Григорий Савельевич тяжело вздохнул. Плечи его опустились. Он не мог ничем помочь Ханлару, и оттого ему было особенно тяжело. Он боялся не того, что его арестуют, а того, что своим арестом подведет организацию, которая поручила ему - серьезное дело. "Если бы я спросил Ханлара, он сам сказал бы: "Иди и исполняй свой партийный долг". Так он понимает дружбу, и только так я ее понимаю", - подумал Григорий Савельевич.
– Если вам удастся побывать у него, передайте от меня привет, попросил он Азизбекова.
– Он хорошо знает, что мы не принадлежим себе. А пока и я, и моя группа будем ждать вашего решения о налете на тюрьму.
Азизбеков проводил гостя и вернулся к себе в кабинет. В дверях показалась тетушка Селимназ.
– Сынок, не относись ко мне только как к своей старой, глупой матери. Я твой друг, с которым ты можешь всем поделиться. Что ты от меня скрываешь? Что удручает тебя?
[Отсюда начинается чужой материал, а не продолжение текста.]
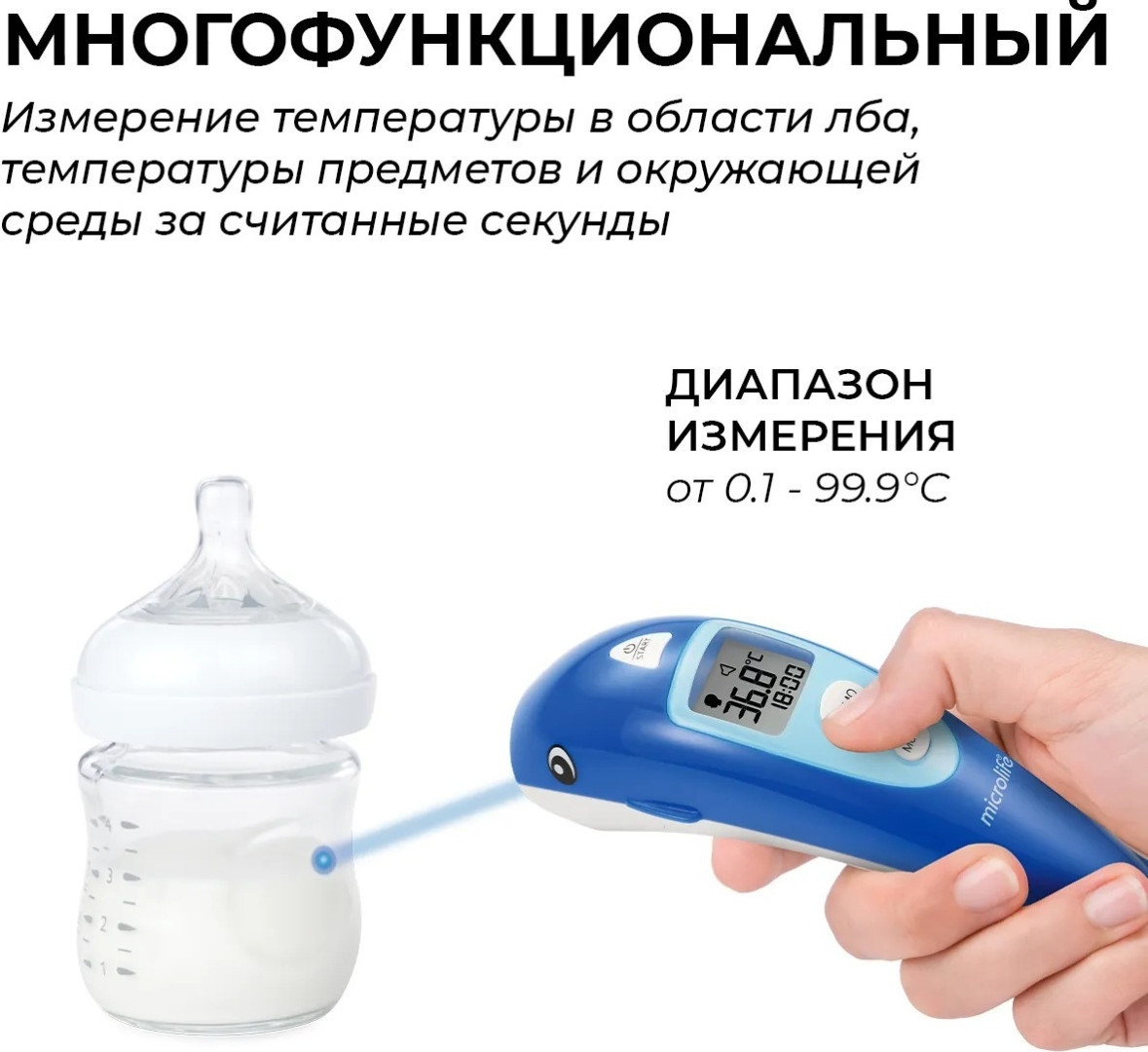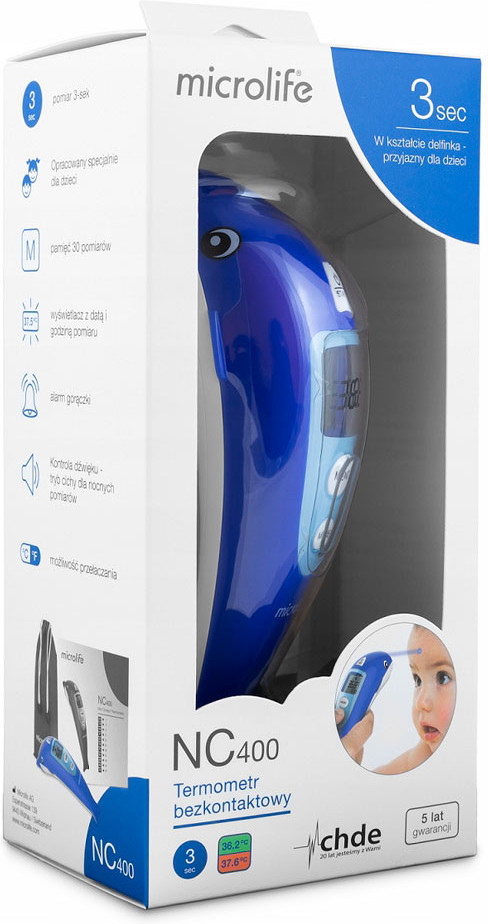 Бесконтактный термометр Microlife NC 400, в дополнение к надежности, точности и простоте в обращении, позволяет аккуратно и неинвазивно измерять температуру тела, не касаясь пациента. Уникальный дизайн дельфина был специально разработан, чтобы сделать измерение более приятным для детей.

Азизбеков вздрогнул. Он понял, как трудно скрывать то, что на сердце, от любящего взора матери.
– Ничего не случилось, мама, - ответил он ласково.
– Ничего особенного не случилось...
– Разве я не вижу? На тебе лица нет!
– Я просто устал, мама. Налей мне еще чаю. Только покрепче...
Прежде чем расстаться с друзьями после встречи в мечети, Азизбеков условился с Алешей Джапаридзе увидеться через три дня в семь часов вечера в столовой биби-эйбатского нефтяного общества. Здесь изредка проводились рабочие собрания. Тут же была явка подпольной организации большевиков.
Биби-Эйбат - один из старейших нефтяных районов Баку. Биби-эйбатские промыслы, расположенные в пяти километрах к югу от города, на полукруглой цепи холмов, окаймляющих тихую бухту, давно стали центром революционного движения бакинского пролетариата.